Taktieren mit den Verteilungsregeln
Die Apotheken sollen ihre Leistungen also planen und gezielt einsetzen. Aus der gesicherten Honorarsumme von 1000 Euro könnte jede Apotheke 11 Patienten pro Quartal mit einer der komplexen Leistungen versorgen. Wenn die Apotheken insgesamt durchschnittlich mehr als 22 komplexe Leistungen pro Quartal erbringen, droht der Topf allerdings leer zu laufen. Dann gäbe es für die einfacheren Leistungen gar nichts mehr. Bei noch mehr komplexen Leistungen müsste sogar deren Honorierung gekürzt werden, soweit sie über der 1000-Euro-Grenze liegt. Das Angebot der Leistungen wird daher vom Taktieren mit dem Honorar überschattet. Das ist bedauerlich, folgt aber zwangsläufig aus der gesetzlichen Vorgabe der begrenzten Mittel. Die Vertragspartner haben einen guten Weg gefunden, mit diesem Problem umzugehen. Der Verteilungsmechanismus bietet vielfältige sinnvolle Anreize für kleine und für große Apotheken.

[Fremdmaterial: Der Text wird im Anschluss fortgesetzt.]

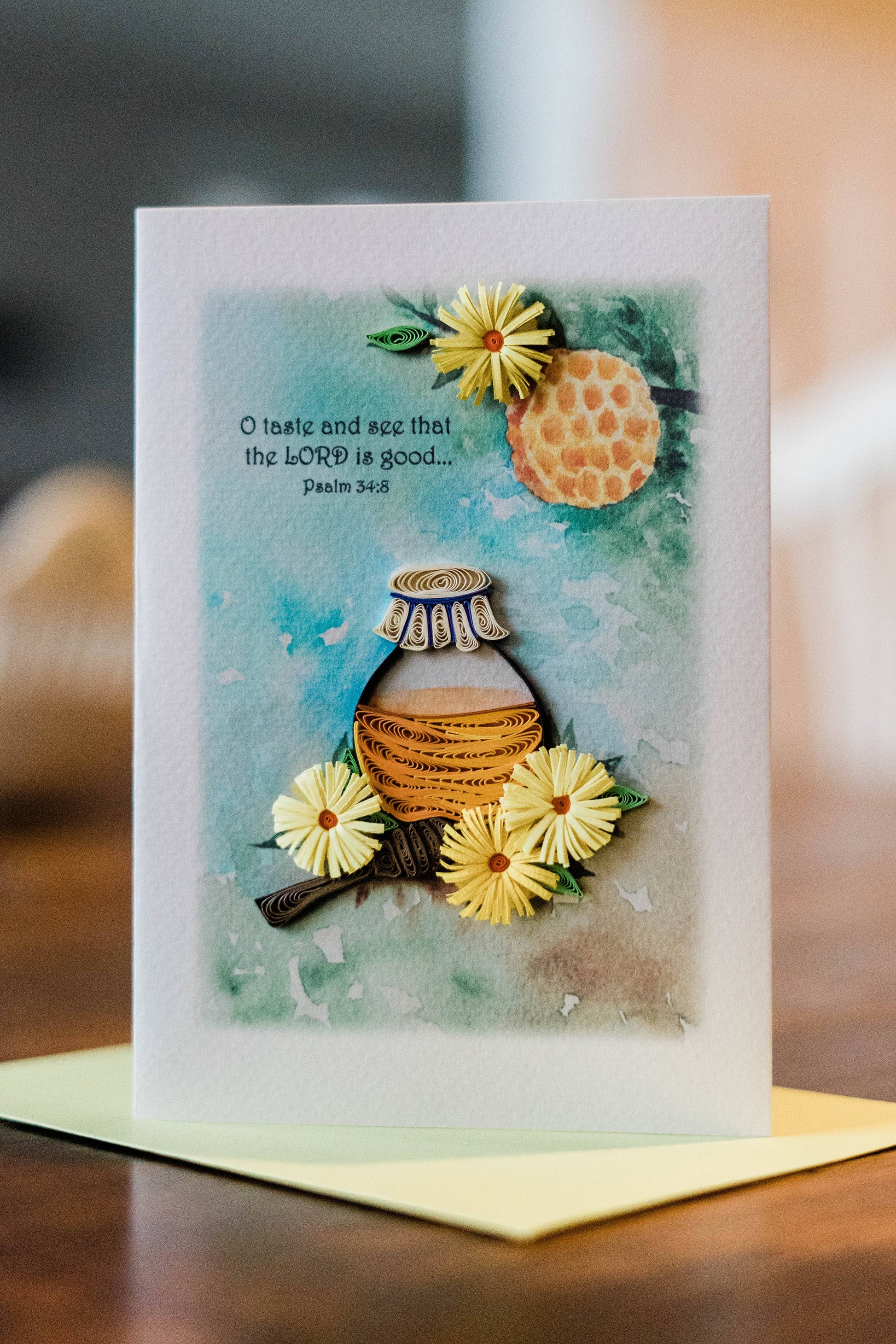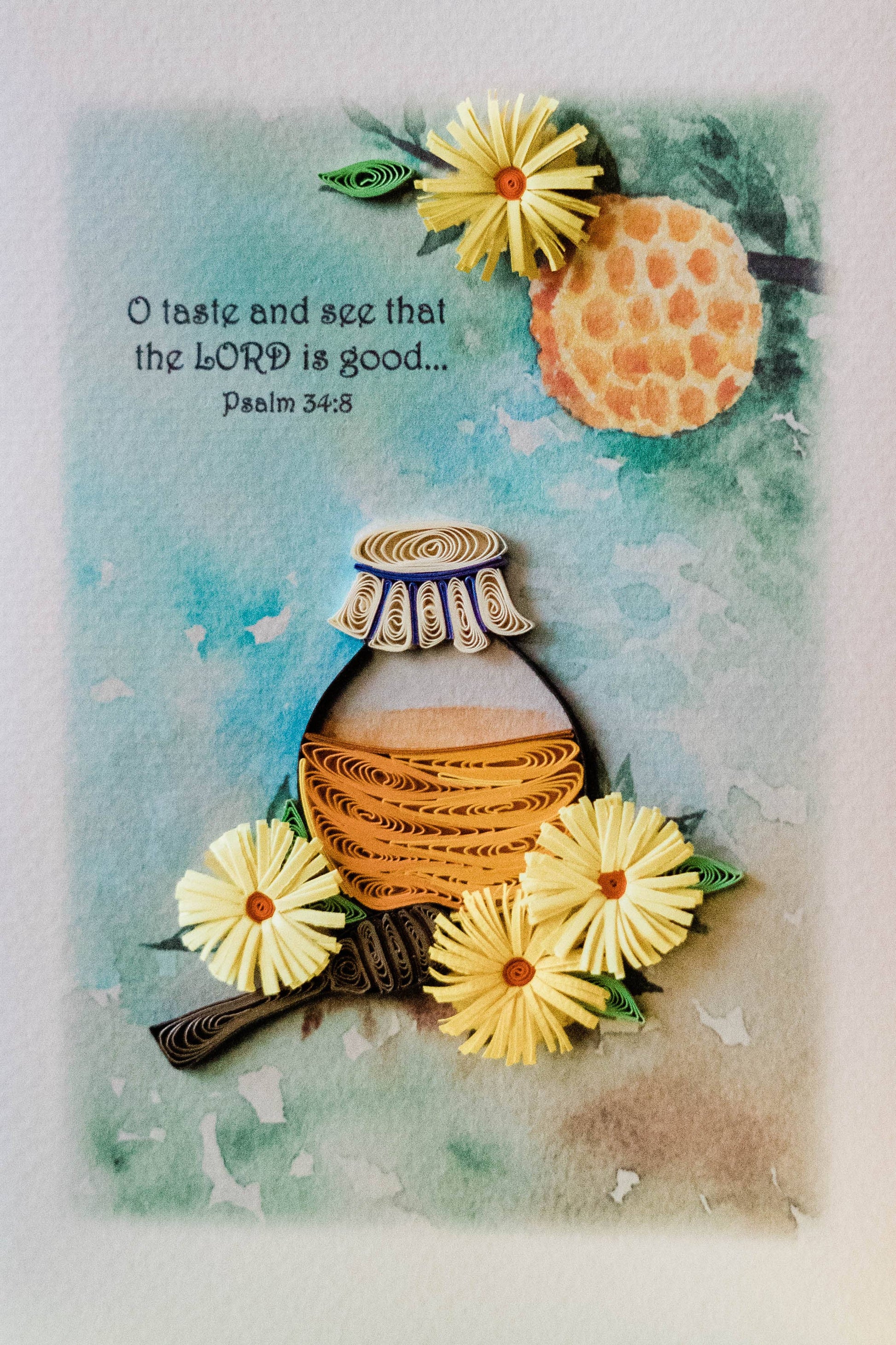 Encourage and uplift with this cheerful card! The text reads: "O taste and see that the LORD is good..." Psalm 34:8.

Allerdings bleibt zu fragen, wie der Leistungsanspruch der Patienten gemeint ist. Können die Anspruchsberechtigten ihren Anspruch einfordern und wenn ja, bei wem? Was bedeutet das für das Blutdruckmessen, wenn das System sogar bewusst einen Anreiz setzt, eher die anderen Leistungen zu erbringen?

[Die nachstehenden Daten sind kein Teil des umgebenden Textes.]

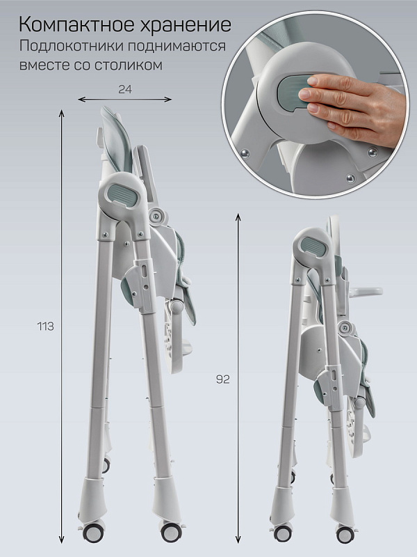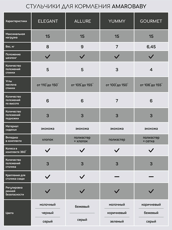 Стульчик для кормления AmaroBaby Yummy — это сочетание удобства и стиля для вашего малыша. Универсальный стульчик оснащён регулировкой по высоте для комфортного размещения за столом, сиденье плавно трансформируется в положение шезлонга, обеспечивая малышу удобный отдых. Подножка и столик также регулируются, подстраиваясь под потребности ребёнка. В комплект детского стула входит мягкий вкладыш для дополнительного комфорта. Чехол выполнен из практичной экокожи в cпокойных монохромных оттенках, что придаёт стульчику современный и стильный внешний вид. Детский стульчик можно легко передвигать по комнате за счет бесшумных поворотных колес. Стул для малыша не занимает много места на кухне, легко складывается, очень мало весит. Изготовлен из прочного качественного пластика, который безопасен для ребенка.

Schnelles Handel bringt Vorteile
Daneben bleibt die Sorge, die Krankenkassen könnten den Schiedsspruch beklagen. Allerdings steht im Schiedsspruch, dass nur das Blutdruckmessen und die Preise nicht im Konsens entschieden wurden. Demnach dürften die übrigen Leistungen nicht grundsätzlich infrage stehen, sondern nur bezüglich der Preise. Darum gibt es jetzt offenbar keinen Grund zum Warten mehr – im Gegenteil. Denn noch ist der Honorartopf gut gefüllt. Wer jetzt schnell ist, hat zunächst einen Vorteil.